Forum Moderators: Robert Charlton & goodroi
Google XML sitemaps submitted, up to date and clean - priority, lastmod, updatefreq all specified correctly for each page. HTML sitemap derived from Xenu output.
The most stable page on the site is the home page. It changes three or four times a year. But Google spiders it up to seven times a day. A GET that gets a 200 and (from the log byte cound) the whole page is usually downloaded.
Nothing I am doing anywhere - or ever have done anywhere - would imply that the home page is updated frequently. It never has been, and the Google sitemap has updatefreq set to "monthly". There are about thirteen pages on the site - listed in the Google and HTML sitemaps and linked organically that Google has never crawled.
What is the Googlebot looking for on the home page? Surely if it's checking for changes I should be seeing 304s.
Are you producing *anything* that changes from page view to page veiw?
auto updating advertising code?
random headlines?
changing links?
different menu or flash.
any aspect of the page that changes at all? Even so much as one character change?

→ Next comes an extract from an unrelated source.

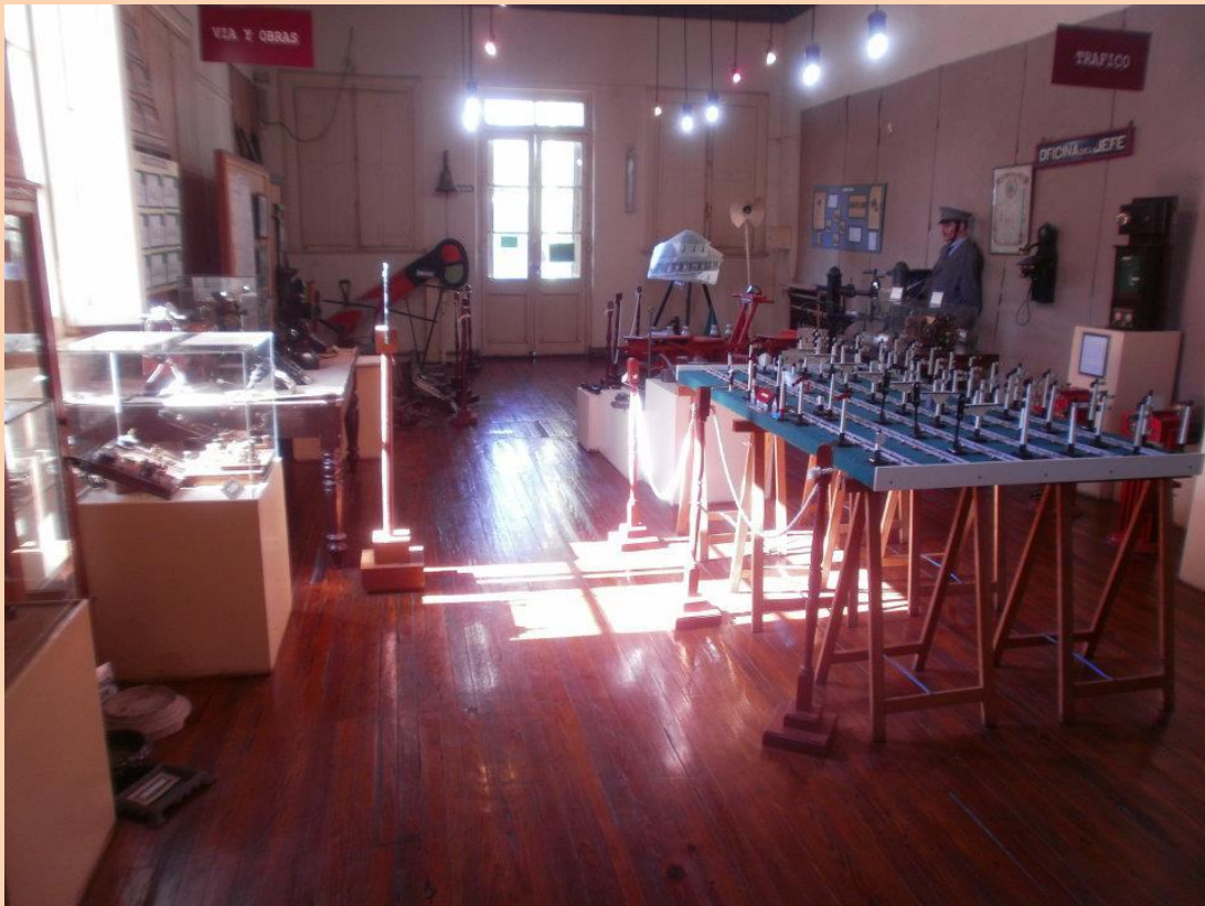
Museo Ferroviario "V́ctor L. Capusso"
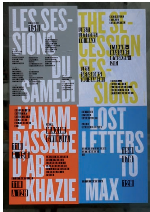
Eric Baudelaire, The Secession Sessions , Bétonsalon – Centre d'art et de recherche, Paris, 2014.

Take a accurate byte count of the source code (view from browser) and then compare that to a page view 2-3 hrs later. Any changes at all? Anything you are overlooking that would make the byte count or the character positions/code even a little bit different?
If that were true it would have cleared itself up just after Big Daddy. This is permanent activity.
The page is HTML 4.01 written using the Crimson editor. Static HTML barely begins to decribe it - fossilized HTML would be closer.
Boring IIS 5. Google accesses the XML sitemap using if-mofified-since and gets 304s, just like it should.
IIS log extract:
2006-09-06 14:18:59 66.249.65.18 GET 200 /index.html
2006-09-06 14:21:27 66.249.65.18 GET 200 /index.html
2006-09-06 15:18:31 66.249.65.18 GET 200 /index.html
2006-09-07 04:04:07 66.249.66.34 GET 304 /sitemap.xml
2006-09-07 04:27:07 66.249.66.34 GET 200 /index.html
2006-09-07 05:08:47 66.249.66.34 GET 200 /index.html
2006-09-07 05:13:08 66.249.66.34 GET 200 /index.html
2006-09-07 05:51:26 66.249.66.34 GET 200 /index.html
2006-09-07 06:10:28 66.249.66.34 GET 200 /index.html
2006-09-07 06:48:00 66.249.66.34 GET 200 /index.html
I'm not complaining, just trying to understand.
Results of the GSiteCrawler Server-Test
Tested at 9/8/2006 9:05:15 PM / from 82.3.81.13:
URL=http://www.mysite.com
Result code: 200 (OK / OK)
Server: Microsoft-IIS/5.0
Content-Location: [mysite.com...]
Date: Fri, 08 Sep 2006 20:58:12 GMT
Content-Type: text/html
Accept-Ranges: bytes
Last-Modified: Wed, 06 Sep 2006 12:20:34 GMT
ETag: "6a5577daaed1c61:c3a"
Content-Length: 4163
So "Last-Modified" is being returned correctly.
It should be requesting [domain.com...] and not [domain.com...] I think.
What made you think it was requesting /index.html? Looked like the request was for the (illegal, but universally accepted) URL of [something.com,...] and the server used the Content-Location header to inform the User-Agent where the actual resource resides.
------
Although you describe this as fossilized HTML, the server says it was modified recently -- which is correct?
URL=http://www.mysite.com
Result code: 200 (OK / OK)
Server: Microsoft-IIS/5.0
Content-Location: [mysite.com...]
Date: Tue, 12 Sep 2006 08:29:22 GMT
Content-Type: text/html
Accept-Ranges: bytes
Last-Modified: Wed, 06 Sep 2006 12:20:34 GMT
ETag: "6a5577daaed1c61:c3a"
Content-Length: 4163
What I don't understand is:
a) Why this is "bad"? I have the same "problem" on many other sites that are performing very well.
b) Why is Google downloading the index.html page repetitively - when it almost never changes - and NOT downloading the pages that do change?